Con quali aspettative e speranze inizi questa stagione teatrale?
“Intanto spero che possa anche arrivare al termine visto quello che è successo l’anno scorso. Siamo rimasti tanto tempo fermi quindi anche solo fare delle prove e degli spettacoli per me è già un passo avanti. Prima della pandemia ero molto più agitato per il debutto, molto più teso, adesso dentro di me c’è una serenità, una pace interiore, che un po’ mi preoccupa perché non sono abituato, ma mi fa capire che sono cambiato. Questo blocco forzato di un anno e mezzo ha devastato tante persone, però il fatto di aver resistito, di non aver cambiato mestiere, di essere ancora qui a poter recitare mi ha messo dentro una calma nuova. Sono felice di poter condividere questi momenti con miei colleghi, con Raphael, con il Teatro Franco Parenti e quando arriverà il giorno ovviamente anche col pubblico. Sono molto sereno e molto felice, cosa che non succedeva fino all’anno scorso. Non mi sono mai goduto neanche i momenti più belli, ho sempre chiesto scusa se facevo l’attore se facevo il drammaturgo, adesso comincio a godermeli, a godermi le persone a cui voglio bene che mi apprezzano e quindi sono felice. Serviva una mazzata del genere per migliorarmi da un punto di vista psichiatrico”.

Ormai vivi a Milano da diversi anni, percepisce la voglia di ripartire anche a livello culturale?
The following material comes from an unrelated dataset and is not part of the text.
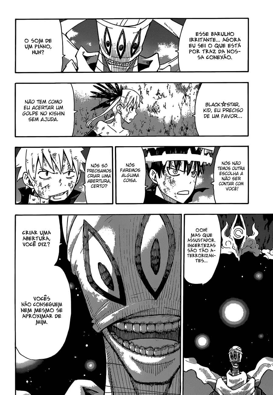 Capítulo 0.1 - Soul EaterCapítulo 0.2 - Black StarCapítulo 0.3 - Death the KiddCapítulo 1 - Lições Extras (Parte 1)Capítulo 2 - Lições Extras (Parte 2)Capítulo 3 - "O Novo Estudante" e "Observação da Alma"Capítulo 4 - A Espada Demoníaca Ragnarok (Parte 1)Capítulo 5 - A Espada Demoníaca Ragnarok (Parte 2)Capítulo 6 - SeikenCapítulo 7 - Lâmina Demônio (Parte 1)Capítulo 8 - Lâmina Demônio (Parte 2)Capítulo 9 - Alma Perseverante Capítulo 10 - Experimento (Parte 1)Capítulo 11 - Experimento (Parte 2)Capítulo 12 - (Super) Exame CopiadorCapítulo 13 - Dragão Negro (Parte 1)Capítulo 14 - Dragão Negro (Parte 2)Capítulo 15 - Aniversário de fundação, véspera de NatalCapítulo 16 - Lutando até a Morte (Parte 1)Capítulo 17 - Lutando até a Morte (Parte 2)Capítulo 18 - Lutando até a Morte (Parte 3)Capítulo 19 - Lutando até a Morte (Parte 4)Capítulo 20 - Lutando até a Morte (Parte 5)Capítulo 21 - Lutando até a Morte (Parte 6)Capítulo 22 - Lutando até a Morte (Parte 7)Capítulo 23 - NormalCapítulo 24 - Estudante em Teste (Parte 1)Capítulo 25 - Estudante em Teste (Parte 2)Capítulo 26 - Estudante em Teste (Parte 3)Capítulo 27 - Guarda-Costas (Parte 1)Capítulo 28 - Guarda-Costas (Parte 2)Capítulo 29 - CobraCapítulo 30 - Reunião-Expresso (Parte 1)Capítulo 31 - Reunião-Expresso (Parte 2)Capítulo 32 - O canto do quartoCapítulo 32.5 - EspecialCapítulo 33 - Arte do DueloCapítulo 34 - Tempestade de "Fermento" (Parte 1)Capítulo 35 - Tempestade de "Fermento" (Parte 2)Capítulo 36 - Tempestade de "Fermento" (Parte 3)Capítulo 37 - Tempestade de "Fermento" (Parte 4)Capítulo 38 - Assuntos Internos (Parte 1)Capítulo 39 - Assuntos Internos (Parte 2)Capítulo 40 - Decisão Capítulo 41 - O Palhaço (Parte 1)Capítulo 42 - O Palhaço (Parte 2)Capítulo 43 - O Palhaço (Parte 3)Capítulo 44 - EscolhaCapítulo 45 - AcordoCapítulo 46 - Operação: Captura do castelo de Baba Yaga (Parte 1)Capítulo 47 - Operação: Captura do castelo de Baba Yaga (Parte 2)Capítulo 48 - Operação: Captura do castelo de Baba Yaga (Parte 3)Capítulo 49 - Operação: Captura do castelo de Baba Yaga (Parte 4)Capítulo 50 - Operação: Captura do castelo de Baba Yaga (Parte 5)Capítulo 51 - Operação: Captura do castelo de Baba Yaga (Parte 6)Capítulo 52 - Operação: Captura do castelo de Baba Yaga (Parte 7)Capítulo 53 - Operação: Captura do castelo de Baba Yaga (Parte 8)Capítulo 54 - Operação: Captura do castelo de Baba Yaga (Parte 9)Capítulo 55 - Operação: Captura do castelo de Baba Yaga (Parte 10)Capítulo 56 - Operação para Invadir o Castelo de Baba Yaga (Parte 11)Capítulo 57 - Operação para Invadir o Castelo de Baba Yaga (Parte 12)Capítulo 58 - Operação para Invadir o Castelo de Baba Yaga (Parte 13)Capítulo 59 - Operação para Invadir o Castelo de Baba Yaga (Parte 14)Capítulo 60 - Operação para Invadir o Castelo de Baba Yaga (Parte 15)Capítulo 61 - Ajeitando as Coisas, e Novos Começos.Capítulo 62 - FormaçãoCapítulo 63 - Vou Ser um AnjoCapítulo 64 - ProntidãoCapítulo 65 - Asas Negras VS Asas BrancasCapítulo 66 - A Pesquisa da Bruxa (Início)Capítulo 67 - A Pesquisa da Bruxa (Fim)Capítulo 68 - Abismo, Imundice, EscuridãoCapítulo 69 - Triângulo AmorosoCapítulo 70 - Viagem de NegóciosCapítulo 71 - O Antigo GovernanteCapítulo 71.5 - Salvamento (Parte 1)Capítulo 73 - Salvamento (Parte 2)Capítulo 74 - Salvamento (Parte 3)Capítulo 75 - Salvamento (Parte 4)Capítulo 76 - Salvamento (Parte 5)Capítulo 77 - Salvamento (Parte 6)Capítulo 78 - Salvamento (Parte 7)Capítulo 79 - Salvamento (Parte 8)Capítulo 80 - Salvamento (Parte 9)Capítulo 81 - Salvamento (Parte 10)Capítulo 82 - ParadeiroCapítulo 83 - Sangue InsanoCapítulo 84 - RecuperaçãoCapítulo 85 - PerseguiçãoCapítulo 86 - Fogo do InfernoCapítulo 87 - Apenas uma Simples História Sobre Matar PessoasCapítulo 88 - CaçaCapítulo 89 - Há Alguém para AdmirarCapítulo 90 - LuaCapítulo 91 - A Batalha na Lua (Parte 1)Capítulo 92 - A Batalha na Lua (Parte 2)Capítulo 93 - A Batalha na Lua (Parte 3)Capítulo 94 - A Batalha na Lua (Parte 4)Capítulo 95 - A Batalha na Lua (Parte 5)Capítulo 96 - A Batalha na Lua (Parte 6)Capítulo 97 - A Batalha na Lua (Parte 7)Capítulo 98 - O Julgamento da BruxaCapítulo 99 - Roger!Capítulo 100 - Para a LuaCapítulo 101 - 2ª Batalha na Lua (Parte 1)Capítulo 102 - 2ª Batalha na Lua (Parte 2)Capítulo 103 - 2ª Batalha na Lua (Parte 3)Capítulo 104 - O Lado Negro da Lua ICapítulo 105 - O Lado Negro da Lua IICapítulo 106 - O Lado Negro da Lua IIICapítulo 107 - O Lado Negro da Lua IVCapítulo 108 - O Lado Negro da Lua VCapítulo 109 - O Lado Negro da Lua VICapítulo 110 - O Lado Negro da Lua VIICapítulo 111 - O Lado Negro da Lua VIIICapítulo 112 - O Lado Negro da Lua IXCapítulo 113 - Uma Alma Sã Reside em um Espírito São e um Corpo São

“Milano è una città fantastica da questo punto di vista, ha preso una mazzata fortissima perché la maggior parte dei morti di Covid sono tra Milano, Bergamo e Brescia ma vedo che c’è un’energia immensa, che sta ripartendo, vogliosa e determinata. Inoltre Milano è la città del teatro, la gente riempe le sale, ti è grata, e non sa quanto noi siamo grati a loro. Sono molto ottimista da questo punto di vista perché è una città che ama la cultura grazie soprattutto al lavoro fatto dalle amministrazioni comunali”.

Grazie a Francesco Brandi per la disponibilità e ricordiamo che Mutuo soccorso sarà in scena al Teatro Franco Parenti dall’8 al 24 ottobre.